Глядя на жизнь шпионов, она всецело осознавала то напряжение, с которым жила каждое мгновение, равное их собственному. Боязнь саморазоблачения, слишком громкого сна, разговора во сне, небрежности в импровизации, быстрого нахождения оправдания своего присутствия то здесь, то там.
Сабине казалось, что она могла бы предложить свои услуги и добиться неплохих результатов на этом поприще.
Я — международный шпион в доме любви.
Делаясь совершенно невыносимым, беспокойство превращалось в игривость. Возбуждение и риск начинали представляться весьма пикантной, весьма забавной игрой. Тогда она целиком менялась и становилась эдаким ребенком, который бежит из-под надзора и радуется своей изобретательности. Потом она переходила от скрытности к необходимости открыто хвастаться своими маневрами и описывала их с таким беспутством, что шокировала слушателей. Волнение и юмор становились взаимозаменяемыми. Пребывая в веселом расположении духа, она расценивала свои притворства, шалости и тому подобные проделки как забавные и галантные попытки защитить всех от жестокостей бытия, за которое она не несла ответственности. Шутки и благотворительность брались на вооружение ради оправданной цели: ограждать человеческие существа от невыносимой правды.

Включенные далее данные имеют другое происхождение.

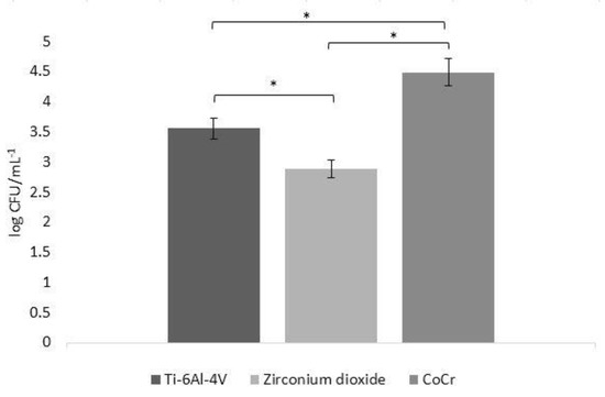 Biofilm formation (in colony-forming units (log CFU/mL-1)) on the surfaces of different biomaterials. Error bars represent the pooled standard deviations of the mean (n = 5). The level of significance was preset at * p = 0.05. The mean and standard deviation are shown.
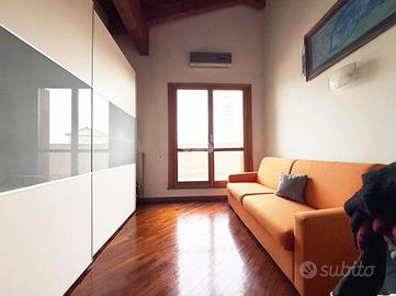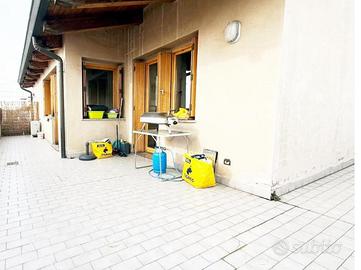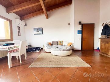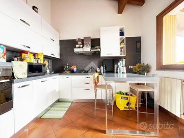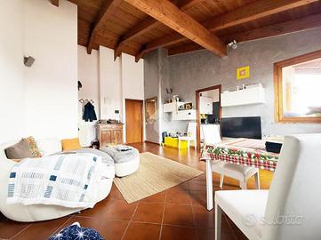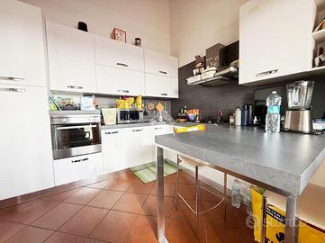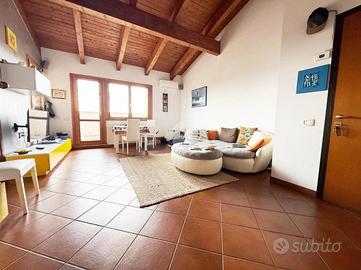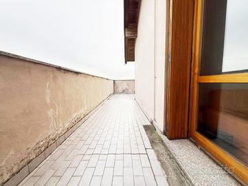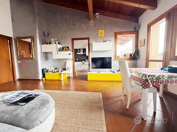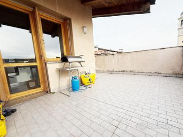 Caratterisistico trilocale circondato da ampio terrazzo. L'abitazione proposta sorge all'ultimo piano di un ordinato contesto condominiale dotato di ascensore ed ubicato in pieno centro paese, in prossimità di tutti i principali servizi. Internamente ritrutturato, presenta un'accogliente zona giorno di generosa metratura con accesso al riservato terrazzo oltre comoda cucina abitabile; la zona notte ospita due camere da letto e doppi servizi. L'ampia metratura dell'immobile ha reso possibile la creazioni di spazi funzionali e ben distribuiti. Annessi box autorimessa e cantina.

Однако никто из слушателей никогда не разделял ее веселости: в их взглядах она читала осуждение. Ее смех производил впечатление профанации, издевательства над тем, что надлежало считать трагедией. Во взглядах Сабина видела пожелание, чтобы она упала с этой раскаленной трапеции, по которой шла при помощи изящных японских бумажных зонтиков, ибо ни одна виновная сторона не имеет право на подобную ловкость, на то, чтобы жить только за счет собственного умения балансировать над суровостью жизни, диктующей выбор в соответствии со своими запретами, направленными против многократности существований. Никто не разделял ее иронии и игривости перед лицом жестокостей самой жизни: никто не аплодировал, когда ей удавалось изобретательностью сокрушать жизненные ограничения.
В те мгновения, когда она достигала пика комичности над трясиной опасностей и скользких грибков вины, все бросали ее в одиночестве, непрощенную; они словно ждали того часа, когда она будет наказана за то, что жила шпионом в доме многоликой любви, за увертки от разоблачения, за уничтожение часовых, следивших за точностью границ, за переход без паспортов и разрешений от одной любви к другой.